The indictment accuses each of mail fraud, witness tampering and money laundering.
The witness tampering charge alleges the Stipes bought the mortgage on Mass' house to keep him from testifying against them in the grand jury investigation.
Mass, 55, pleaded guilty in April to a conspiracy charge and admitted accepting kickbacks from Stipe's former business partner, Steve Phipps. Mass admitted earmarking money to a foundation formed by Phipps, who then used the money for two businesses: National Pet Products, the dog food plant, and Indian Nation Entertainment, a gambling machine company.
Mass, who will be sentenced Oct. 18, faces up to five years in prison. Phipps also has pleaded guilty to conspiracy and awaits sentencing.
Today's indictment alleges Gene Stipe was part-owner of National Pet products. He claims Phipps embezzled money from a company they owned and secretly put it into the dog food plant without Gene Stipe's knowledge.
Gene Stipe, 80, has been acquitted in three previous federal indictments. However, he pleaded guilty to federal charges in 2003 in a campaign fraud scandal.
Stipe spent more than a half-century at the state Capitol and is widely considered one of the most powerful political figures in Oklahoma history.
It is unclear what impact the new indictment will have on prosecutors' efforts to revoke Stipe's probation.
Stipe recently underwent testing in a prison hospital in Springfield, Mo., to determine whether he is mentally competent to face the revocation proceedings.
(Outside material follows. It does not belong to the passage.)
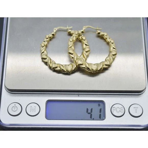 Do you want to be the center of the crowd? The Real 10K Yellow Gold 36.3mm Twisted Heart Diamond Cut 4.1gr Hoop Earrings will definitely bring a spark of color and luxe to your outfit and let the feminine design create a luxurious look effortlessly. These hoop earrings are perfect for you if you ever feel bored with colorless jewelry! Such advantages make it a more popular accessory.PRODUCT DETAILS:Metal: 10K solid Yellow GoldStamped: 10KMeasures: 36.3mmGram Weight: 4.1 gramsMetal DetailsType - 10k solid gold

U.S. District Judge Ronald White has set a competency hearing for Oct. 15. If Stipe is deemed competent, the revocation hearing will proceed immediately thereafter.
He is on probation until 2009 after pleading guilty to felony and misdemeanor charges related to more than $245,000 in illegal contributions to the failed congressional campaign of Walt Roberts in 1998.
The petition to revoke Stipe's probation alleges he orchestrated a similar illegal campaign contribution scheme while on house arrest and defied a probation officer's order by associating with another convicted felon, business associate Steve Covington.